- Activity
Everything from the line that contains "Portrait of a" through the last line below should be transcribed exactly, except the pictures.

- Available data
"""

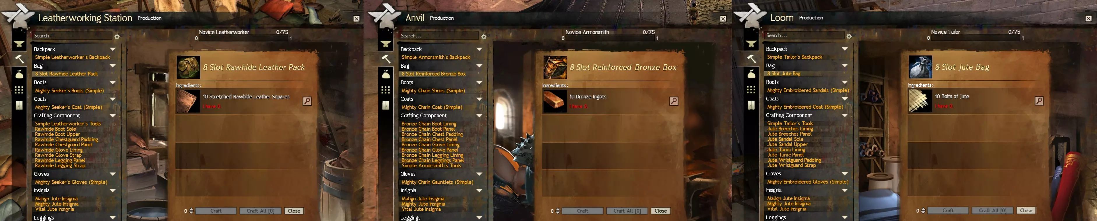 4.0c 制作背包(免费玩家) >4.1 概述与制作专精选择 >4.2 分步指南 4.1 概述与制作专精选择 虽然我不建议用这种方式代替从交易行购买背包(后者要便宜得多),但如果你是免费玩家,且确实想要8格背包而非4-5格背包,那么你可以通过制作来获取背包。为此,你有三种制作专精可选:盔甲锻造(重甲)、皮革制作(中甲)和裁缝(轻甲)。 注意:你可以在不同制作专精间切换,且不会丢失进度,但切换费用取决于你要切换到的专精等级。因此,你可能会想要选择制作背包成本最低的专精(或者你已经拥有其材料的专精)。
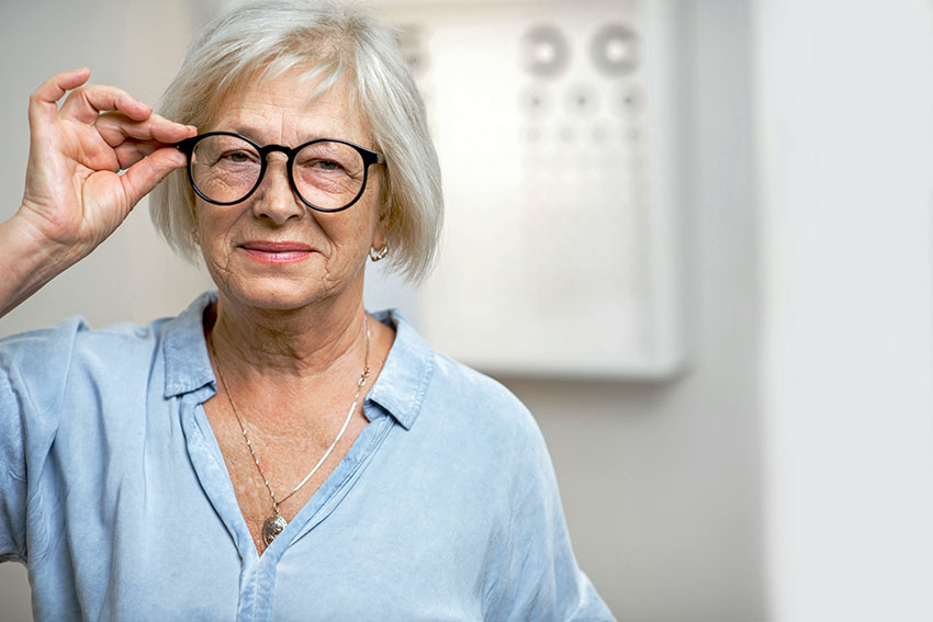Portrait of a happy senior woman wearing eyeglasses in front of
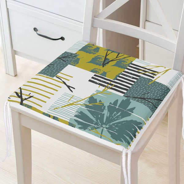 Yaprak Ve Geometrik Desenli Dijital Baskılı Fermuarlı Sandalye Minderi

"""

- Answer below
Portrait of a happy senior woman wearing eyeglasses in front of
 Yaprak Ve Geometrik Desenli Dijital Baskılı Fermuarlı Sandalye Minderi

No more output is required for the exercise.